Voor zover Baudet hiermee wil betogen dat hij onvoldoende heeft kunnen reageren op de publicatie en herkomst van de ter zitting voorgelezen tweet en dat het gebruik daarvan door de voorzieningenrechter strijd oplevert met het beginsel van hoor en wederhoor, heeft hij een punt. Baudet verbindt hieraan echter geen duidelijk gevolg, terwijl in het algemeen heeft te gelden dat het hoger beroep mede dient om gebreken van de eerste aanleg te herstellen. Baudet heeft in dit hoger beroep wel voldoende gelegenheid gekregen en gebruikt om alsnog op de inhoud en de achtergrond van de voorgelezen tweet in te gaan. Daarom faalt de grief.

4.6

Baudet heeft niet bestreden dat in dit geval een afweging dient te worden gemaakt tussen twee fundamentele rechten die tegenover elkaar staan: het recht van het CIDI c.s. (althans geïntimeerden 3 tot en met 6 en de personen van wie geïntimeerden 1 en 2 zich de belangen aantrekken) op bescherming van identiteit en privéleven en zijn recht op vrijheid van meningsuiting. Hij heeft evenmin bestreden dat er geen rangorde tussen deze twee rechten bestaat en dat het antwoord op de vraag welk van deze beide rechten zwaarder weegt, afhangt van alle omstandigheden van het geval.

4.7

Het hof deelt het uitgangspunt van de voorzieningenrechter dat het recht op vrijheid van meningsuiting ook uitingen beschermt die mogelijk bepaalde groepen in de samenleving beledigen, choqueren of storen, maar dat de grens van die vrijheid ligt

in onder meer de verplichting om zoveel mogelijk te vermijden dat uitingen verder gaan dan wat een robuust publiek debat vereist.

4.8

Het hof zal eerst ingaan op onderdeel c van grief B. Baudet betoogt bij dit onderdeel dat zijn uitlatingen niet gaan over de Holocaust maar over de uitsluiting van groepen mensen. Hij wijst daarbij met name op de tekst van zijn uitlating van 16 november 2021. De berichten dienen bovendien te worden beschouwd in de context van de ingrijpende en omstreden coronamaatregelen van dat moment, aldus Baudet. Het hof concludeert dat Baudet in zijn uitlatingen het lot van ongevaccineerden wel degelijk vergelijkt met het lot van Joden gedurende de Holocaust. Tot motivering van die conclusie dient het volgende.

4.9

De uitlatingen dienen in onderling verband te worden bezien. Deze worden immers in de door Baudet gebruikte social media gewoonlijk op tijdvolgorde van plaatsing gepresenteerd en door gebruikers van die social media in samenhang tot zich genomen.

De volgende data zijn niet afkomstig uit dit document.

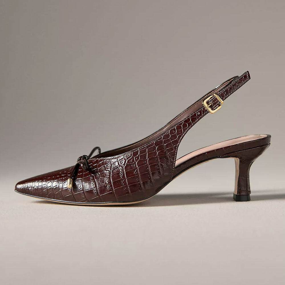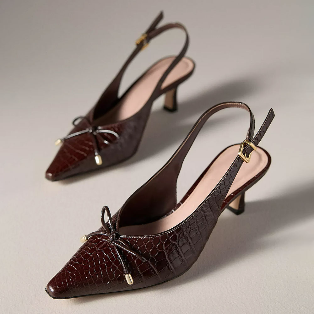Special Designs: The brown croc-embossed slingback pumps feature a pointed toe, a delicate bow detail, an adjustable slingback strap, and a stiletto heel.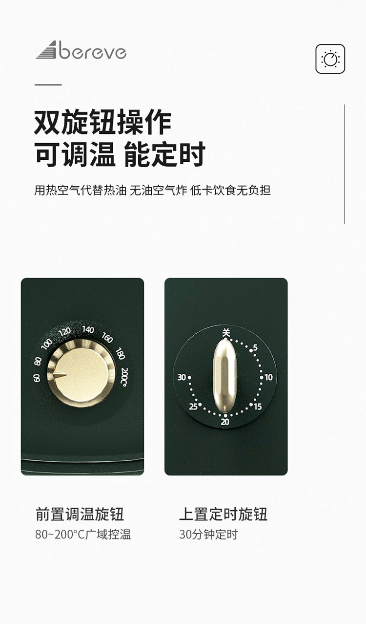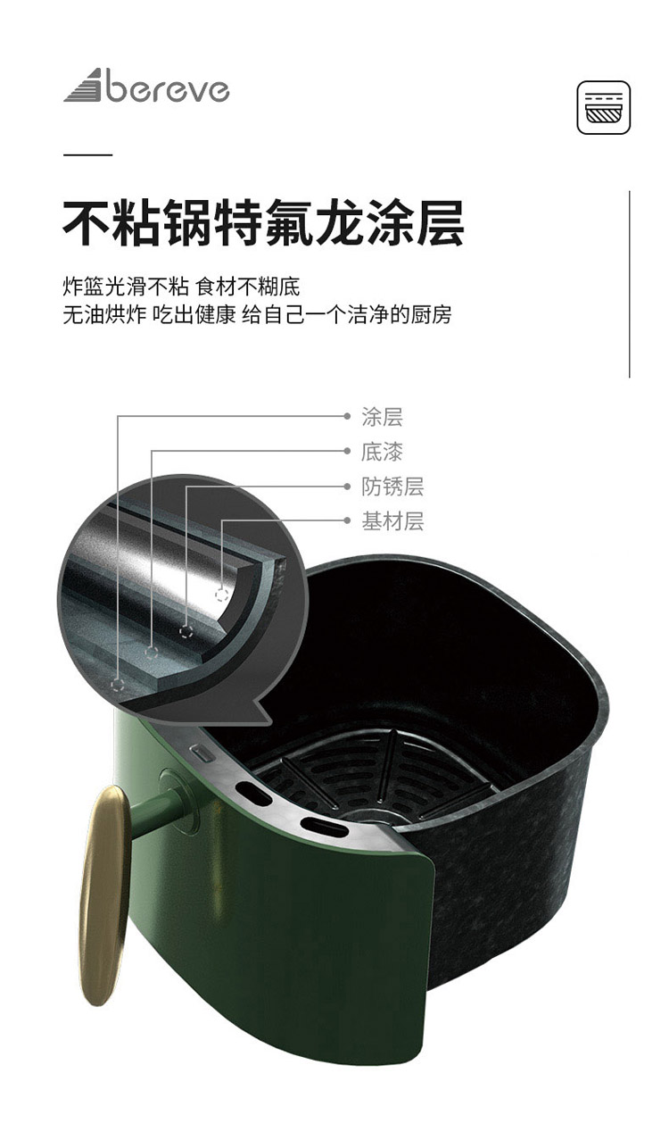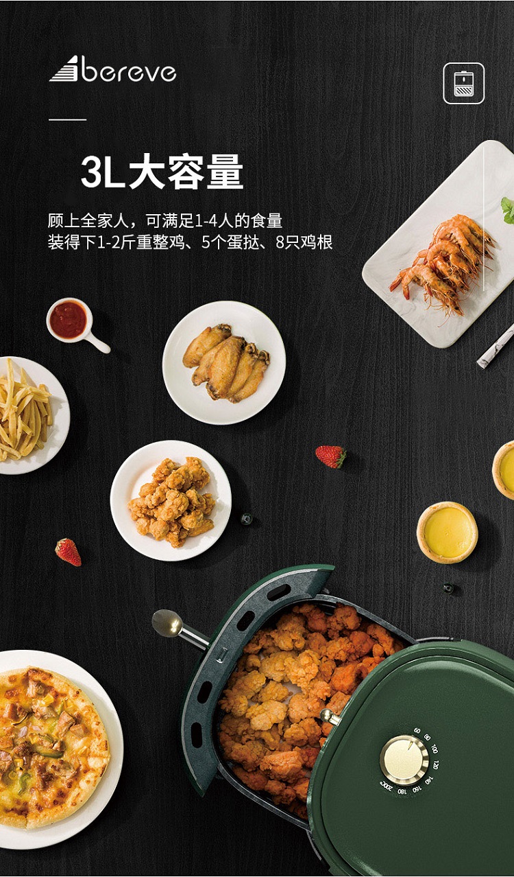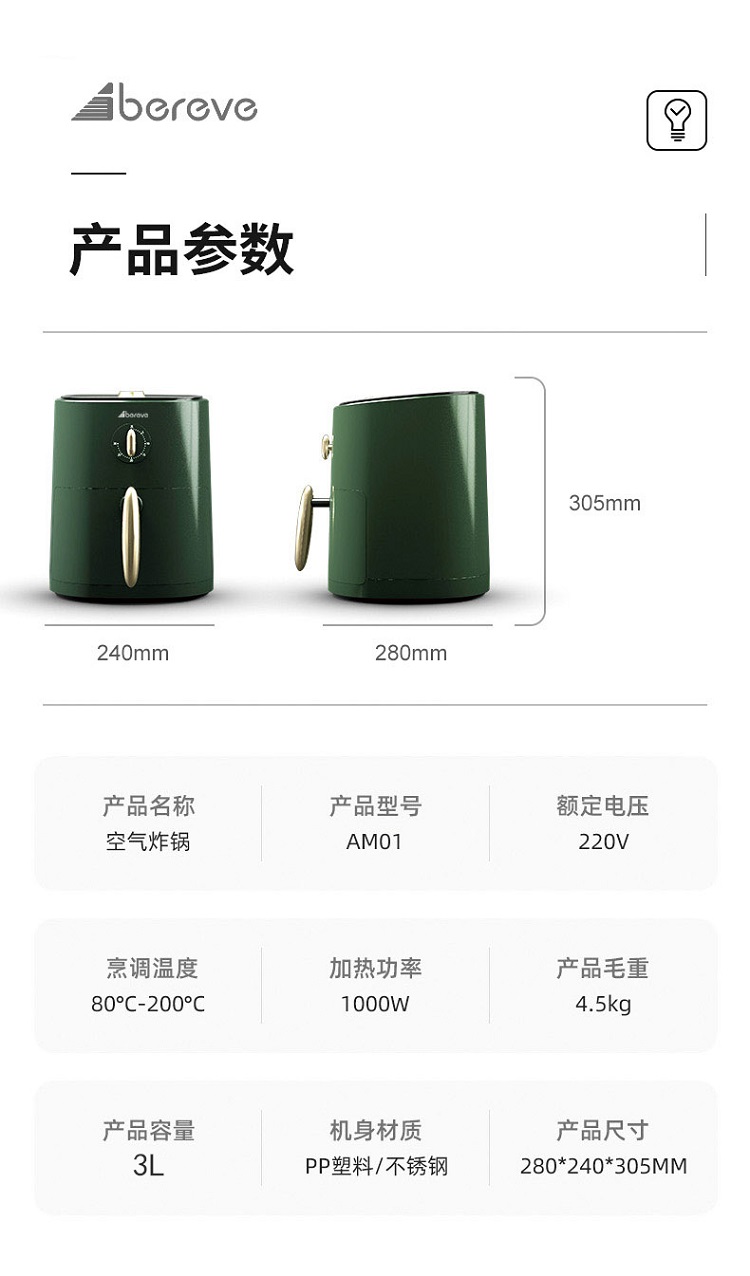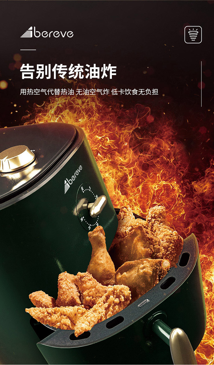 艾贝丽空气炸锅3L AM01 墨绿色

In de tekst van het eerste bericht van 14 november 2021 wordt de situatie van ongevaccineerden uitdrukkelijk vergeleken met de situatie van Joden in de jaren ’30 en ’40, de periode waarin niet alleen de uitsluiting van Joden maar ook de Holocaust zich afspeelde. Vervolgens wordt in de berichten van 16 november 2021 een foto gebruikt uit de tijd van de Holocaust en met een sterk emotionele lading, een kind met Jodenster achter een hek, die de ernst van de Holocaust illustreert. In het bericht van 26 november 2021 ten slotte wordt uitdrukkelijk verwezen naar een concentratiekamp, het ultieme symbool van de Holocaust. Daarbij geldt weliswaar dat de teksten van de berichten van 16 en 26 november 2021 naar de letter gaan over de uitsluiting van ongevaccineerden van maatschappelijke activiteiten, maar de verwijzingen naar de Holocaust zijn in alle berichten aanwezig: ofwel uitdrukkelijk, in het eerste bericht, ofwel voor de lezer/gebruiker evident, door de foto in het tweede bericht en de naam van het concentratiekamp in het derde bericht. Bovendien is van betekenis dat het gebruik van beeldmateriaal, zoals een foto, in het algemeen onmiddellijk en sterk de aandacht van gebruikers van social media trekt. Al met al blijkt voldoende dat Baudet de lezers/gebruikers van zijn berichten confronteert met een vergelijking tussen het lot van ongevaccineerden door de coronamaatregelen en het lot van Joden gedurende de Holocaust. Dat hij zelf niet die intentie heeft gehad en alleen iets wilde zeggen over volgens hem te ver gaande coronamaatregelen, zoals hij aanvoert, is in dit verband niet doorslaggevend. Het gaat om de totaalindruk van de berichten waarvan hij zich in redelijkheid bewust moet zijn geweest. De toevoeging “there, I said it” wijst er ook op dat hij zich de beladenheid realiseerde.

4.10

Baudet voert bij onderdeel d van grief B aan dat zijn uitlatingen niet zijn te duiden als het bagatelliseren van de Holocaust. Baudet geeft met zijn uitlatingen juist te kennen dat hij de Jodenvervolging vreselijk vindt en waarschuwt voor herhaling daarvan. Hij beschrijft voorbeelden van het daadwerkelijk ontkennen, minimaliseren of in twijfel trekken van de Holocaust. Daaraan heeft hij zich in elk geval niet schuldig gemaakt, zo voert hij aan.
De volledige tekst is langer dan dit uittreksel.